Shares in Metro Bank collapsed on Wednesday after it warned that profits are set to miss expectations.
The challenger bank said it expects underlying pre-tax profits to come in at £50 million for 2018, a rise of 138% but below forecasts of £59 million.
Metro also flagged softening trends in the fourth quarter and said it would be stung by an adjustment in the risk weighting of commercial loans secured on property and certain specialist buy-to-let loans.
Risk weighted assets at full year are expected to be approximately £8.9 billion, more than previously thought.
Shares crumbled by more than 25% in morning trade to 1,620p following the news.
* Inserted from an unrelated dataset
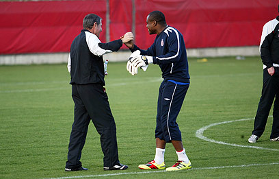 מצב רוח טוב באימון. גוטמן ואניימה (צילום: יועד כהן)

But boss Craig Donaldson struck an upbeat tone: “2018 was another strong year of growth for Metro Bank as we continued to invest in both new stores and digital capabilities to win customers, deposits, assets and to create fans.
“Metro Bank remains well positioned to support our growth strategy as we navigate an uncertain period for the UK.”
The trading update showed that assets increased 32% to £21.7 billion in 2018, while the loan book swelled 48% to £14.2 billion.
Deposits reached £15.7 billion, an increase of 34%.
During the fourth quarter, Metro opened branches in Bath, Crawley, Northampton, Putney, Ashford, Piccadilly and Moorgate, taking its store count to 66.